The paper describes a research project titled “The Validity of Safety Goals” recently initiated by NKS (Nordic Nuclear Safety Research) and NPSAG (Nordic PSA Group) with participants from Finland and Sweden.

Quantitative results from a probabilistic safety assessment (PSA) for a nuclear power plant are typically presented as core damage frequency (CDF) and frequency of radioactive release. In order to judge on the acceptability of results, criteria for the interpretation of results and for the assessment of their acceptability need to be defined.

The risk levels specified by the safety goals differ between organizations and between different countries. There may also be differences in the definition of safety goals. In most countries, safety goals started to be defined in the 1980s, i.e. at a time when PSA models were rather limited in scope. During the 1990s, the PSA models expanded considerably, both regarding operating states and classes of initiating events. In parallel, PSA:s have been expanded to level 2, making it possible to calculate release frequencies. In view of this development, and of current needs, the objective of the project includes looking back and mapping the evolvement of safety goals for PSA.

Defining quantitative goals for reactor safety may have a large impact on both the analysis burden and on requirements for safety improvements at nuclear power plants. It is therefore of great importance that these goals are effective and soundly based, that they can be effectively and unambiguously applied, and that they can be accepted and understood by all parties concerned (analysts, decision makers, the public, etc.). In connection with this, a number of specific issues related to the definition and use of safety goals will also be discussed.

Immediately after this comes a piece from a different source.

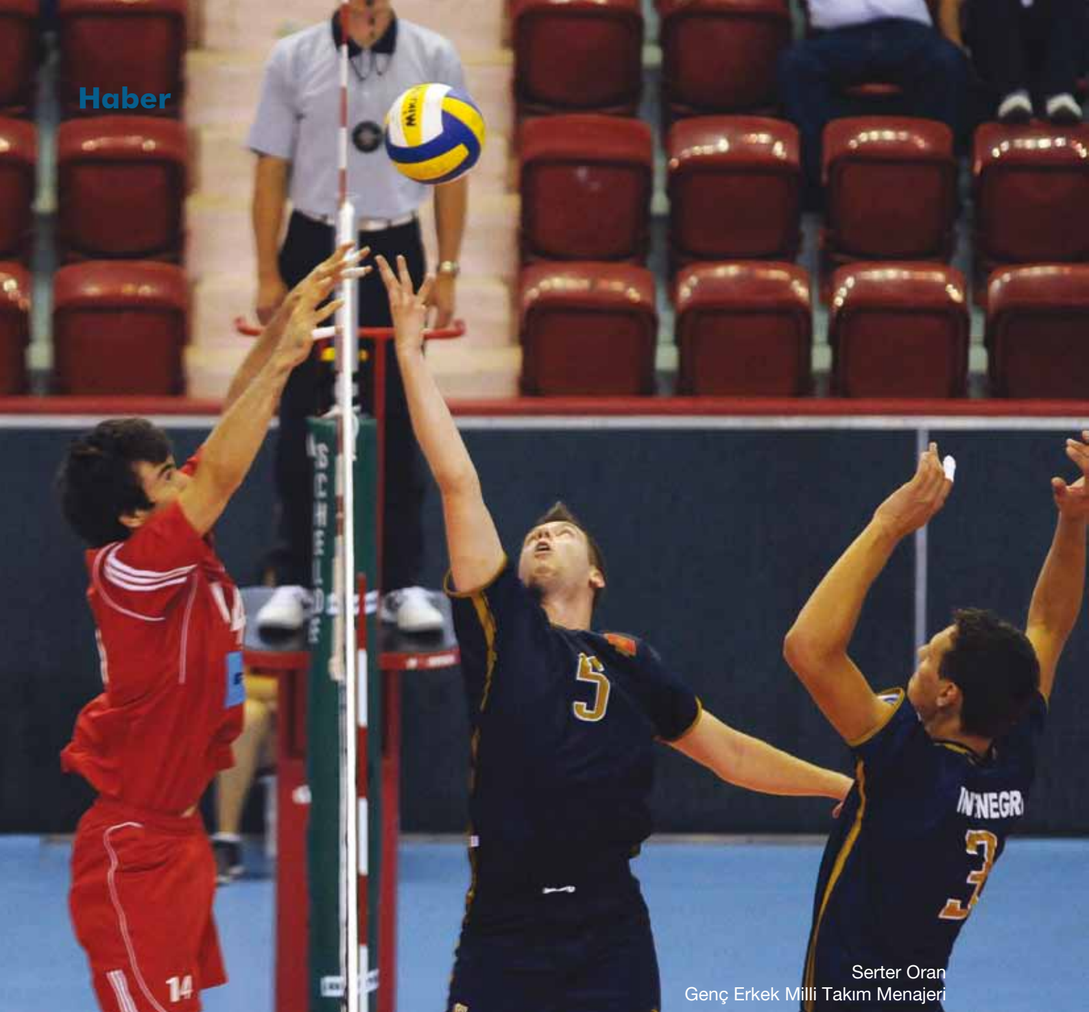
Serter Oran Genç Erkek Milli Takım Menajeri
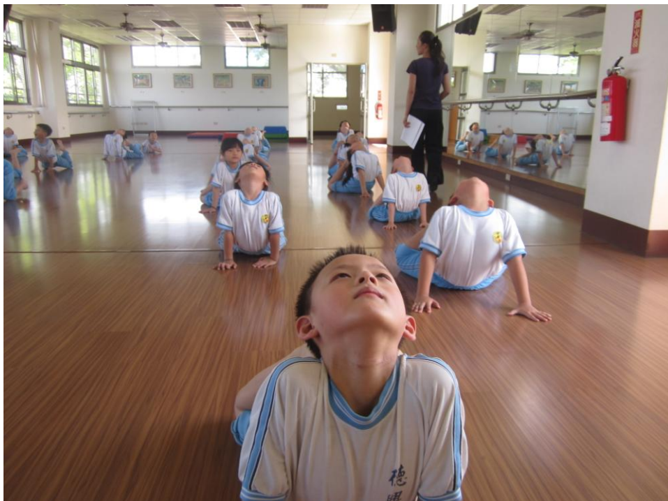
相片說明：後仰、拉筋，固定一下，不要動！

Issues, which may become involved in the project, include:

• Reasons for developing safety goals.

• Identification of conditions where safety goals can (and should) be applied.

• Definition of subject of safety goal, i.e., what exactly is meant by “core damage”, “large release”, etc.

• The background to the safety goals developed nationally (Sweden/Finland) and internationally.

• The organizations involved in defining the goals, and the process involved in the formulation of the goals.

• The basis for defining the actual numerical levels used in the safety goals (population risks, etc.)

• Relation of safety goals used for nuclear power plants to safety goals used for other man-made risks.

• The relationship between safety goals defined for level 1 PSA (CDF) and for level 2 PSA (release frequencies)

• Use of the safety goals on results from PSA:s with differing scopes

• Effects on the use of safety goals arising from major PSA uncertainties, including uncertainties related to completeness and the state of knowledge.

The project work was initiated in late 2005, and will be performed mainly during 2006. The paper describes in some detail the background to the initiation of the project, its contents and aims, and also gives some initial comments on the issues related to the use and interpretation of safety goals and on the applicability of safety goals for decision making.